Audio transcription and speech generation
Transcribe audio files into text and generate spoken audio from text using AI models.
Why Use AI Audio
Your application needs to handle audio: a meeting recording you want to summarize, a voice memo you want to search, or a written response you want to read aloud.
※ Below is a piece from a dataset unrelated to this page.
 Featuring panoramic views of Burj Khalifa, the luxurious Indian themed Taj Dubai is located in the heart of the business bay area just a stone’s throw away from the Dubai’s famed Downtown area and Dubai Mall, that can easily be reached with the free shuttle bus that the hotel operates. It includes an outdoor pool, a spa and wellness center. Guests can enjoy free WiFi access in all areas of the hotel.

Building this from scratch means integrating directly with a speech provider, managing API keys, handling file uploads, and writing format conversion code.
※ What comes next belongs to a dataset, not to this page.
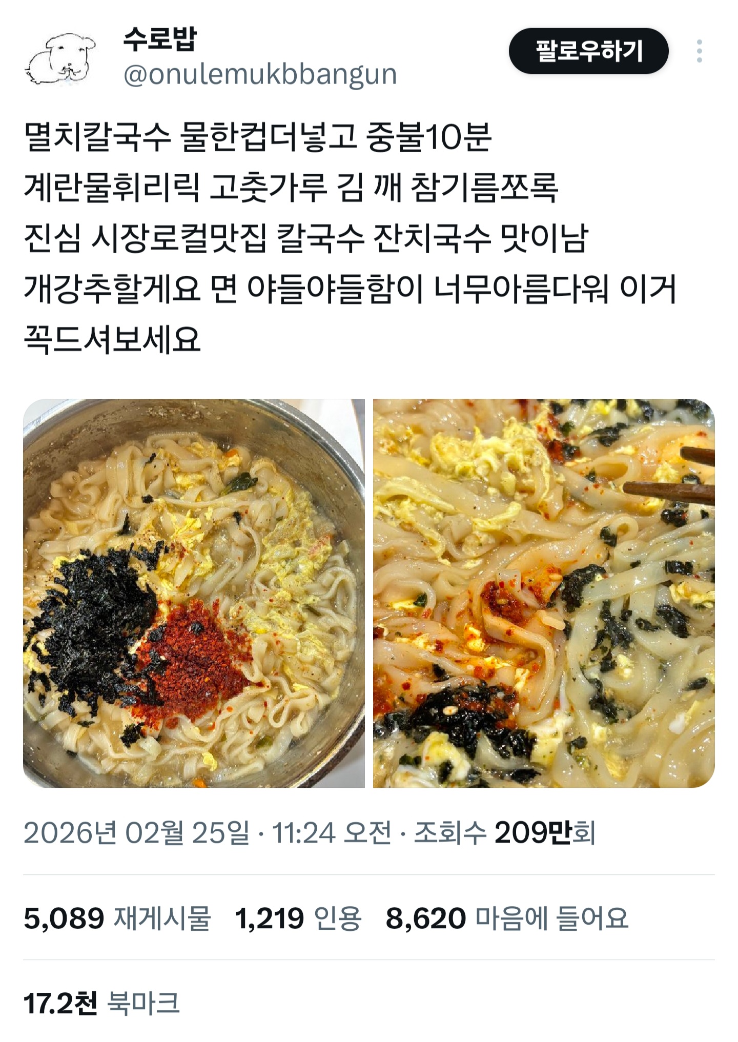 [기타]X에서 화제 중인 멸치 칼국수 레시피 작성자버드와이저|작성시간26.02.28|조회수2,434 목록 댓글 10 글자크기 작게가 글자크기 크게가 엽기 혹은 진실(세상 모든 즐거움이 모이는곳)출처 : https://x.com/i/status/2026483353332175076 이걸로 만듦 다음검색 현재 게시글 추가 기능 열기 북마크 공유하기 신고 센터로 신고 댓글 댓글 10 댓글쓰기 답글쓰기 댓글 리스트 작성자우수수솟 | 작성시간 26.03.01 new 멸칼 못참지!! 작성자넷러너 | 작성시간 26.03.01 new 멸칼 맛있는데 먹어봐야겠군여 작성자HAYDEN KO | 작성시간 26.03.01 new 일본에 귀칼이 있다면 우리에겐 멸칼이 있다 작성자웰시코기 | 작성시간 26.03.01 new 헐 해먹어봐야지 작성자재-쥬래갠 | 작성시간 26.03.01 new 10분 칼국수가 저거구나 댓글 전체보기

Squid AI Audio gives you both transcription and text-to-speech in a single backend call:
- TypeScript
- Python
// Transcribe an audio file to text
const text = await this.squid.ai().audio().transcribe(audioFile, {
modelName: 'whisper-1',
});
// Generate speech from text
const speechFile = await this.squid.ai().audio().createSpeech('Welcome to Squid', {
modelName: 'tts-1',
voice: 'nova',
});
# Transcribe an audio file to text
text = await self.squid.ai().audio().transcribe(
audio_bytes,
'recording.mp3',
'audio/mpeg',
options={'modelName': 'whisper-1'},
)
# Generate speech from text
speech_bytes = await self.squid.ai().audio().create_speech(
'Welcome to Squid',
{'modelName': 'tts-1', 'voice': 'nova'},
)
Overview
Squid AI Audio wraps OpenAI's Whisper (speech-to-text) and TTS (text-to-speech) models behind a single API. Your backend calls a method, and Squid handles authentication, file upload, format conversion, and response decoding.
When to use AI Audio
| Use Case | Recommendation |
|---|---|
| Convert spoken audio into searchable text | transcribe() |
| Read text aloud in a synthesized voice | createSpeech() |
| Build voice input into an AI agent chat experience | Use the enable-transcription flag on the AI chat widget |
| Custom voice for an AI agent | Use agents with voice options |
How it works
- You call
this.squid.ai().audio().transcribe()or.createSpeech()from a backend service - The Squid backend authenticates the request, looks up the OpenAI API key from your application configuration, and forwards the call
- For transcription, the audio file streams to the model and the transcript returns as text
- For speech generation, the model returns binary audio that Squid wraps in a
Fileobject (TypeScript) orbytes(Python)
Quick Start
Prerequisites
- A Squid backend project initialized with
squid init - The
@squidcloud/backendpackage (TypeScript) orsquidcloud-backendpackage (Python) - OpenAI configured as an AI provider on your application in the Squid Console
Step 1: Create an executable that wraps the audio call
Audio operations require admin access to your Squid resources, so they must run on the backend. Wrap them in an executable so the client can call them safely.
- TypeScript
- Python
import { executable, SquidFile, SquidService } from '@squidcloud/backend';
export class AudioService extends SquidService {
@executable()
async transcribeAudio(audio: SquidFile): Promise<string> {
this.assertIsAuthenticated();
// SquidFile carries the original filename and MIME type from the client.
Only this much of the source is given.